Max Eluard – Como surgiu essa liberdade para não ficar preso somente ao samba? Como você construiu essa liberdade para compor, para fazer a sua música?
Melodia – Pois é, eu queria ligar uma coisa a outra e… Enfim, eu ouvia muita rádio, todo mundo ouvia rádio pra caramba…
Almeida – Você estava falando que o rádio era o veículo.
Melodia – Foi isso, né? O rádio era o meio de comunicação. Só que quem tinha televisão eram essas pessoas, militares. Não era todo mundo que tinha essa liberdade, não. Então, como eu ouvia muito rádio, isso fez com que se ampliasse o meu lance musical, até porque eu ouvia de tudo. Não tinha televisão. O rádio era o único jeito. Ou senão, aos domingos, quando tinham uns grupos que se encontravam todo final de semana e faziam boleros. Na época, o bolero estava no auge, assim como música italiana. 60, 70, porra, era demais, era impressionante! Então, tinha uma rapaziada que gostava. Toda essa coisa da informação geral, velho. E com o rádio eu ouvia Jackson do Pandeiro, um programa chamado Hora sertaneja, tinha Jovem Guarda, Hoje é dia de rock, que era com o Jair de Taumaturgo [n.e. Programa veiculado na Rádio Mayrink Veiga carioca]. Uma série de programas. Esse Hoje é dia de rock era voltado para a música americana.
Max Eluard – E você não tinha bronca de música americana, que a esquerda e a vigilância repudiavam?
Melodia – A gente vivia pela música, velho.
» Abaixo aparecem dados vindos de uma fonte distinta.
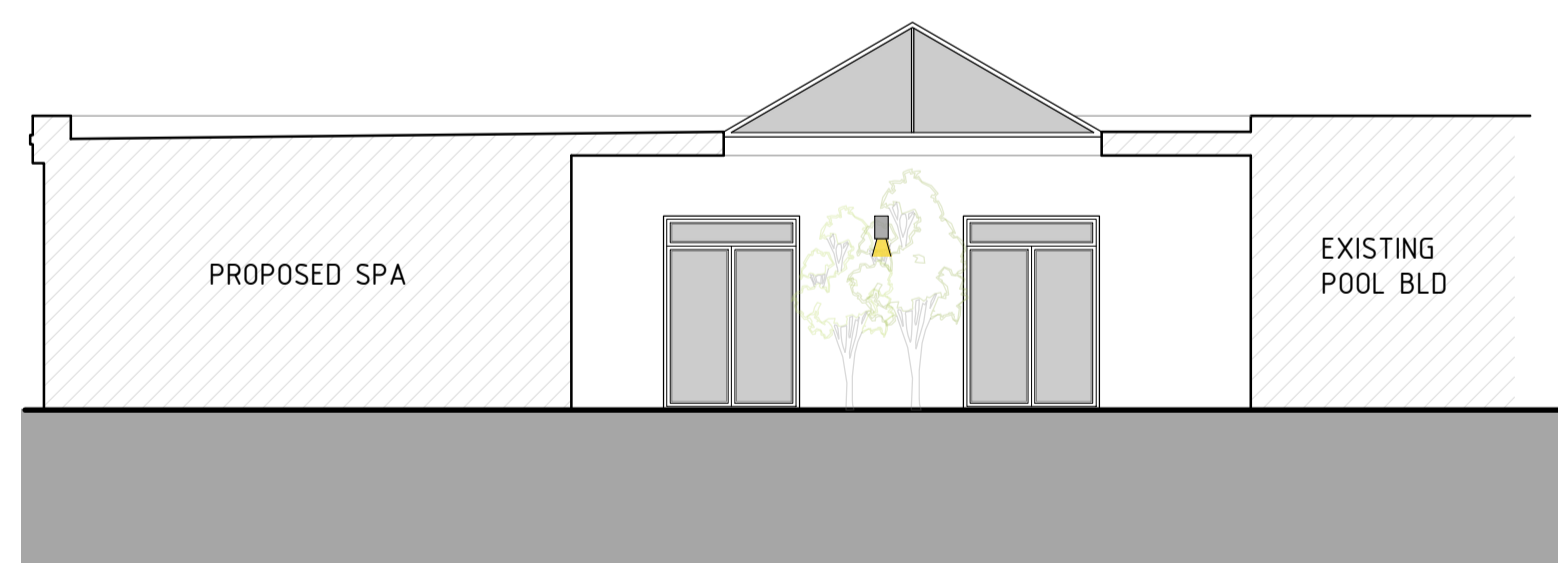
PROPOSED WEST FACING SPA COURTYARD ELEVATION SCALE 1:200 @ A1

Acho que não dávamos essa importância, porque era tudo novidade, todo mundo aprendendo o primeiro, o terceiro acorde, ré maior.
Max Eluard – Então, pelo fato de não existir uma vigilância ideológica ali, aceitava-se muito mais…
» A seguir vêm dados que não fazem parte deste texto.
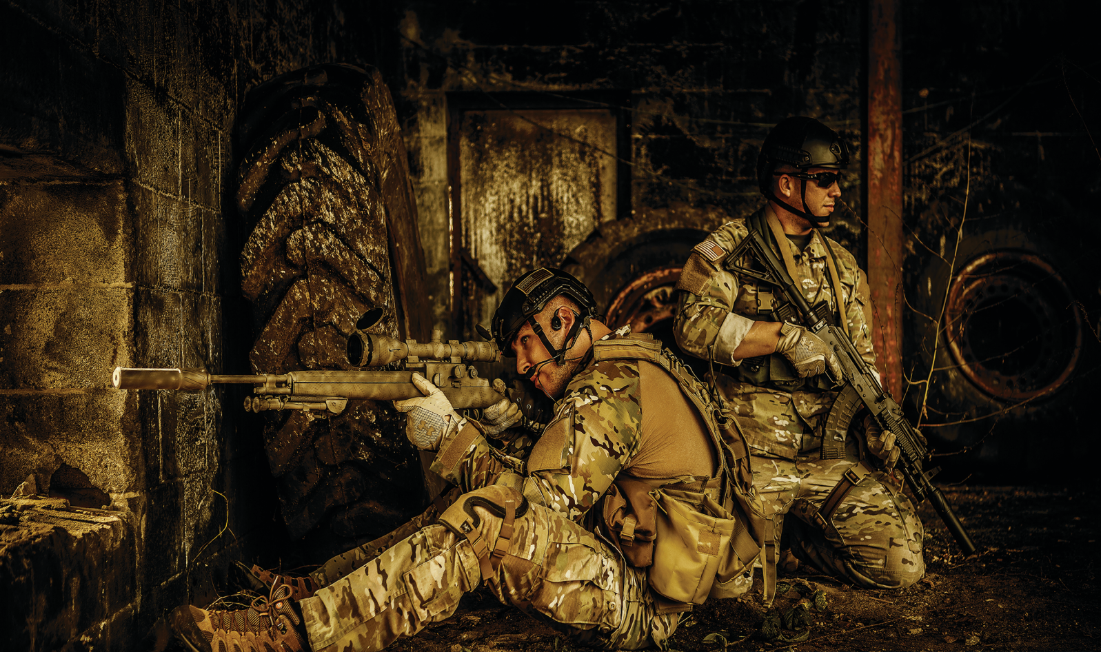
7.62 Long Distance Service Provider (L.D.S.P.) with EXOSKELETON Shroud on M1A 7.62 DECEPTION on SBR AK47

Melodia – Mas havia censura.
Max Eluard – Mas não uma vigilância ideológica da oposição, da esquerda.
Melodia – Não, não, não. Mas tinha, de uma certa forma…
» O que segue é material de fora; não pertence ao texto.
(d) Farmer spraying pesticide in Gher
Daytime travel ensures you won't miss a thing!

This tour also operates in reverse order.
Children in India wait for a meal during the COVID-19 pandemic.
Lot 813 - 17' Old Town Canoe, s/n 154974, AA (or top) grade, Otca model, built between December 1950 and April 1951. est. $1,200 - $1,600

Max Eluard – Tinha quando você desceu o morro, quando o jornalista lhe cobrou sambas.
Melodia – Nada, velho! Não, não! Existia uma repressão no morro, compadre, de policiais. Os caras subiam o morro e era uma repressão fudida. Pra mim, era a mesma coisa de censura. Você não podia estar com um violão na rua. Quando os caras chegavam era pé na porta, uma coisa desse tipo. Embora tivéssemos até uma tranquilidade diferente de hoje, mas havia uma certa pressão, porque a Ditadura estava foda! Quero dizer, a gente nem descia o morro. Não podia nem descer! Agora é que descem. Nego brinca, tira onda e rende. Agora, fudeu! Abriram mão, fudeu! Mas existia também uma repressão, não sei se era mais leve, porque a gente ficava ali, preso naquele espaço e o couro comendo lá embaixo, o couro comendo no Brasil em geral.